TPM intermittently fails after cold-boot

Bug #1762672 reported by Alexey Bazhin on 2018-04-10
24
This bug affects 4 people
Affects Status Importance Assigned to Milestone
linux (Ubuntu)
High
Unassigned
Bionic
High
Tyler Hicks

Bug Description

[Impact]
On an 18.04 LTS system with a TPM, the TPM will fail intermittently on cold boots. The problem seems to be that the TPM gets into a state where the partial self-test doesn't return TPM_RC_SUCCESS (meaning all tests have run to completion), but instead returns TPM_RC_TESTING (meaning some tests are still running in the background). A reboot can sometimes restore TPM functionality.

This bug was originally reported on a Dell XPS 13, but has also recently been reported on a Dell Edge Gateway 3000.

The bug has been confirmed to be fixed in the current development release (19.04/Cosmic).

[Test Case]
Cold boot a Dell XPS 13 or Dell Edge Gateway 3000 running 18.04 LTS Desktop or Server and grep for the following error log message:

"tpm tpm0: A TPM error (2314) occurred continue selftest"

Any attempts at using the TPM via tpm2-tss libraries or tpm2-tools should produce errors.

As this bug is due to a race condition, ideally this test case would be run multiple times (20+ cold boots).

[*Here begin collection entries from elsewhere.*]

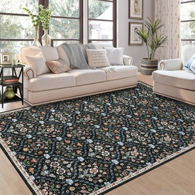 Area Rugs for Living Room Bedroom Vintage Distressed Rug Floral Print Accent Rug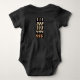 Black baby one-piece bodysuit with the numbers 111,222,333,444,555 in orange from an alarm clock.
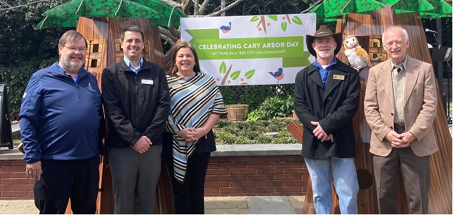 Cary celebrated its commitment to urban forests at Arbor Day. Approximately 800 guests took part in commemorating Cary’s 40th consecutive designation as a Tree City USA community from the Arbor Day Foundation. Mayor Pro Tem Don Frantz and Council Members Ryan Eades and Carissa Kohn-Johnson honored Hometown Spirit Award winners with Arbor Day trees via a brief ceremony that was paired with tree sapling giveaways from the Ask and Arborist booth. The event was rich with environmental engagement thanks to community partner groups who helped host 24 education stations covering topics such as proper tree planting techniques, composting, native plants, and climate action. Live bird demos with a professional falconer, the chance to contribute to a tree-themed public art mural, and locally sourced food were big hits as community members enjoyed the free festivities.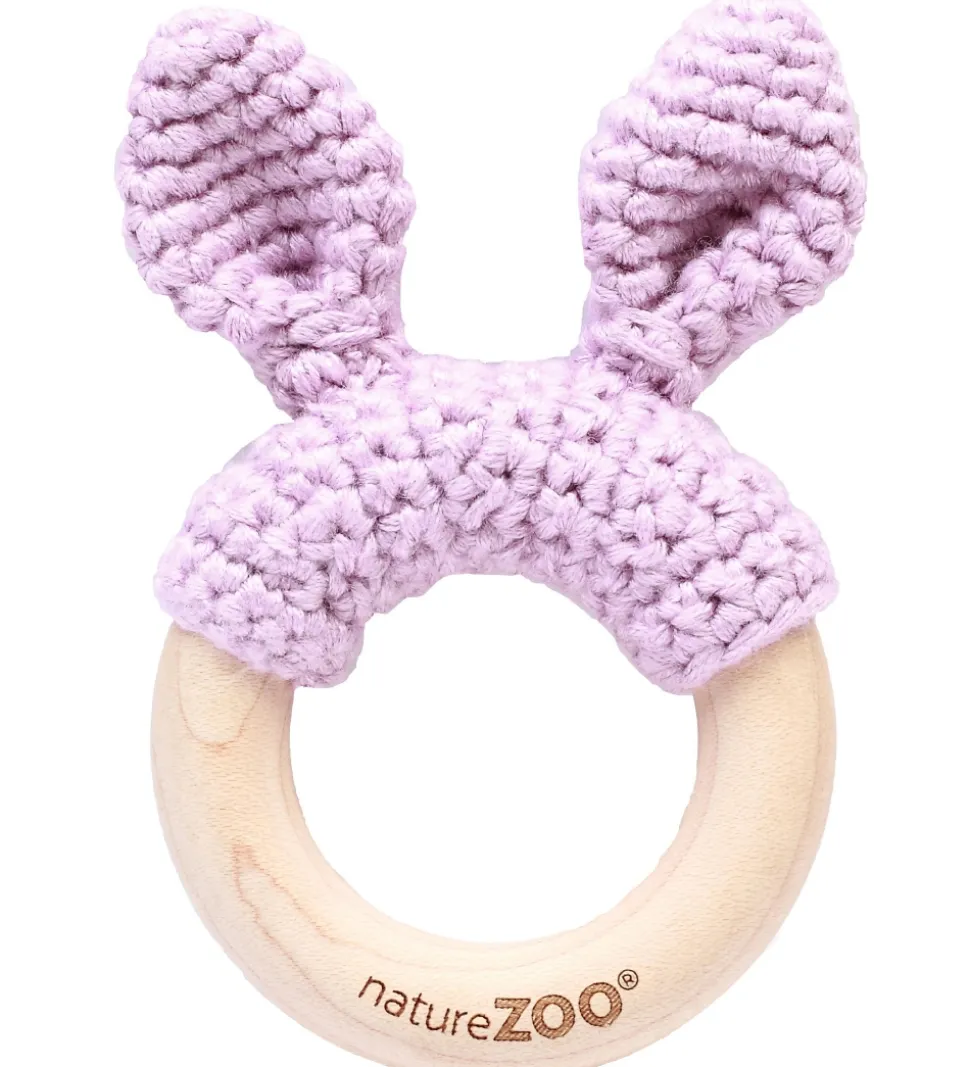 NatureZoo bideringen er god at bide i og træringen ligger godt i babyhænderne. Kaninørene er i blødt, hæklet materiale.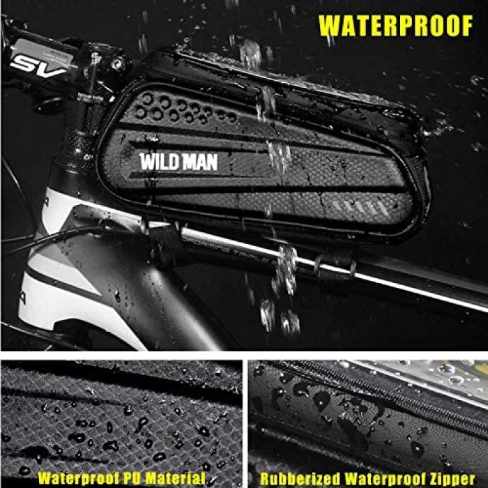 Bike Frame Bag with Mobile Phone Holder, Bicycle Top Tube Pouch, Waterproof Cycle Cell Phone Mount with Touch Screen Window, for iPhone Samsung Smart Phone up to 6.5 inch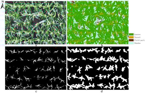 In the complex field environment, the mutual occlusion between top leaves and tassels is serious, leading to the fact that tassels in the binary image obtained in Section 2.3.1 were not connected regions (Figure 6c), and there is also the problem that other categories’ pixels were misidentified as tassels.
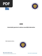 4.1. Tipuri de atacuri cibernetice i msuri de prevenire Romnia se confrunt n prezent cu ameninri provenite din spaiul cibernetic la adresa infrastructurilor critice, avnd n vedere interdependena din ce n ce mai ridicat ntre infrastructurile cibernetice i infrastructuri precum cele din sectoarele energie, telecomunicaii, transport, financiar-bancar, i aprare naional. Globalizarea spaiului cibernetic este de natur s amplifice riscurile la adresa acestora afectnd n aceeai msur att sectorul privat, ct i pe cel public. Ameninrile specifice spaiului cibernetic se caracterizeaz prin asimetrie i dinamic accentuat i caracter global, ceea ce le face dificil de identificat i de contracarat prin msuri proporionale cu impactul materializrii riscurilor. Ameninrile la adresa spaiului cibernetic se pot clasifica n mai multe moduri, dar cele mai frecvent utilizate sunt cele bazate pe factorii motivaionali i impactul asupra societii. n acest sens, putem avea n vedere criminalitatea cibernetic, terorismul cibernetic i rzboiul cibernetic, avnd ca surs att actori statali, ct i non-statali. Ameninrile din spaiul cibernetic se materializeaz prin exploatarea vulnerabilitilor de natur uman, tehnic i procedural cel mai adesea n: atacuri cibernetice mpotriva infrastructurilor care susin funcii de utilitate public ori servicii ale societii informaionale a cror ntrerupere / afectare ar putea constitui un pericol la adresa securitii naionale; accesarea neautorizat a infrastructurilor cibernetice; modificarea, tergerea sau deteriorarea neautorizat de date informatice ori restricionarea ilegal a accesului la aceste date; spionajul cibernetic; cauzarea unui prejudiciu patrimonial, hruirea i antajul persoanelor fizice i juridice, de drept public i privat. Pericolele i ameninrile din spaiul virtual vizeaz, n general, reelele, no durile de reea i centrele vitale, mai exact, echipamentele i sistemele fizice ale acestora (calculatoare, providere, conexiuni i noduri de reea etc.), precum i celelalte infrastructuri care adpostesc astfel de mijloace (cldiri, reele de energie electric, cabluri, fibr optic i alte componente). n aceeai msur, ele vizeaz i centrele de date, sistemele de nmagazinare, de pstrare i de distribuie a informaiei, suportul material al bazelor de date i multe altele. ns, nainte de toate, asemenea pericole i ameninri vizeaz sistemele IT (ntreprinderi, linii de producie, sisteme de aprovizionare cu materiale strategice, infrastructuri de resurse i de piee, institute de cercetri, sisteme de comunicaii). Din categoria pericolelor i ameninrilor mpotriva infrastructurilor critice ale spaiului cibernetic fac parte i urmtoarele:

Once the patch is installed the following error message may still be present in the syslog, however attempts to use the TPM should work:

"tpm tpm0: A TPM error (2314) occurred attempting the self test"

[Regression Potential]
The chance of regression is low, as this patch was written by a well respected kernel developer with deep TPM experience. The patch is also being cherry-picked from the upstream stable and LTS kernels, and as mentioned, has already landed in Disco.

[Original Description]
After updating a Dell XPS 13 to 18.04 LTS, the TPM started to intermittently fail on cold boot. The following log messages could be observed in syslog:

[ 0.801334] tpm_tis MSFT0101:00: 2.0 TPM (device-id 0xFE, rev-id 4)
 [ 0.812132] tpm tpm0: A TPM error (2314) occurred continue selftest
 [ 0.843629] tpm tpm0: A TPM error (2314) occurred continue selftest
 [ 0.895424] tpm tpm0: A TPM error (2314) occurred continue selftest
 [ 0.987230] tpm tpm0: A TPM error (2314) occurred continue selftest
 [ 1.159026] tpm tpm0: A TPM error (2314) occurred continue selftest
 [ 1.490819] tpm tpm0: A TPM error (2314) occurred continue selftest
 [ 2.142530] tpm tpm0: A TPM error (2314) occurred continue selftest
 [ 3.423100] tpm tpm0: TPM self test failed
 [ 3.456304] ima: No TPM chip found, activating TPM-bypass! (rc=-19)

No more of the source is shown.